___ Information shown
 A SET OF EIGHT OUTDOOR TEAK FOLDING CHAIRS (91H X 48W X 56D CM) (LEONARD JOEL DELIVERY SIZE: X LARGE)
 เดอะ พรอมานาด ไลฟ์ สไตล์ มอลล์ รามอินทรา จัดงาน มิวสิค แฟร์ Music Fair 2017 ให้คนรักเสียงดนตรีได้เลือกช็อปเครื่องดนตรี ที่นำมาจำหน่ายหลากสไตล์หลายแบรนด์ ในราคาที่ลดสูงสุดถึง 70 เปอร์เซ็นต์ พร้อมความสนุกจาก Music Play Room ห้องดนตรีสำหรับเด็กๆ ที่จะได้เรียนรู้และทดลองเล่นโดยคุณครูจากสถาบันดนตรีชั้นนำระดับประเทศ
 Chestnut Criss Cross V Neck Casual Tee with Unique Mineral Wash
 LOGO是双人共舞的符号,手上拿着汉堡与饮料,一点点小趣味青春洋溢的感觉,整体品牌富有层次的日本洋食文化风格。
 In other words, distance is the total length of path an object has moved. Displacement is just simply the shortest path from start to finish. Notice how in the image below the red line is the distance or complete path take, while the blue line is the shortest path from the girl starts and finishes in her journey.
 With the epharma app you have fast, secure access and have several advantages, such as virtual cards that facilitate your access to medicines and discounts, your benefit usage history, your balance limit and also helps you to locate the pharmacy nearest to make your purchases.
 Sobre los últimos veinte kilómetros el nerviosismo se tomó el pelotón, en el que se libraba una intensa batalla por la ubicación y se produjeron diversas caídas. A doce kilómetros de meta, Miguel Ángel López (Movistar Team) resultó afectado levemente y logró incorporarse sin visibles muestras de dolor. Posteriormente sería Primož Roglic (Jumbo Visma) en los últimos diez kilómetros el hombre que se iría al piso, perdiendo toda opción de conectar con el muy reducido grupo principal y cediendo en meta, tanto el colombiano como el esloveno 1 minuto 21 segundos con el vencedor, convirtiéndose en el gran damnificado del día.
______
-- What is required --
Give each line of the records above again, unchanged.

-- Finished exercise --
 A SET OF EIGHT OUTDOOR TEAK FOLDING CHAIRS (91H X 48W X 56D CM) (LEONARD JOEL DELIVERY SIZE: X LARGE)
 เดอะ พรอมานาด ไลฟ์ สไตล์ มอลล์ รามอินทรา จัดงาน มิวสิค แฟร์ Music Fair 2017 ให้คนรักเสียงดนตรีได้เลือกช็อปเครื่องดนตรี ที่นำมาจำหน่ายหลากสไตล์หลายแบรนด์ ในราคาที่ลดสูงสุดถึง 70 เปอร์เซ็นต์ พร้อมความสนุกจาก Music Play Room ห้องดนตรีสำหรับเด็กๆ ที่จะได้เรียนรู้และทดลองเล่นโดยคุณครูจากสถาบันดนตรีชั้นนำระดับประเทศ
 Chestnut Criss Cross V Neck Casual Tee with Unique Mineral Wash
 LOGO是双人共舞的符号,手上拿着汉堡与饮料,一点点小趣味青春洋溢的感觉,整体品牌富有层次的日本洋食文化风格。
 In other words, distance is the total length of path an object has moved. Displacement is just simply the shortest path from start to finish. Notice how in the image below the red line is the distance or complete path take, while the blue line is the shortest path from the girl starts and finishes in her journey.
 With the epharma app you have fast, secure access and have several advantages, such as virtual cards that facilitate your access to medicines and discounts, your benefit usage history, your balance limit and also helps you to locate the pharmacy nearest to make your purchases.
 Sobre los últimos veinte kilómetros el nerviosismo se tomó el pelotón, en el que se libraba una intensa batalla por la ubicación y se produjeron diversas caídas. A doce kilómetros de meta, Miguel Ángel López (Movistar Team) resultó afectado levemente y logró incorporarse sin visibles muestras de dolor. Posteriormente sería Primož Roglic (Jumbo Visma) en los últimos diez kilómetros el hombre que se iría al piso, perdiendo toda opción de conectar con el muy reducido grupo principal y cediendo en meta, tanto el colombiano como el esloveno 1 minuto 21 segundos con el vencedor, convirtiéndose en el gran damnificado del día.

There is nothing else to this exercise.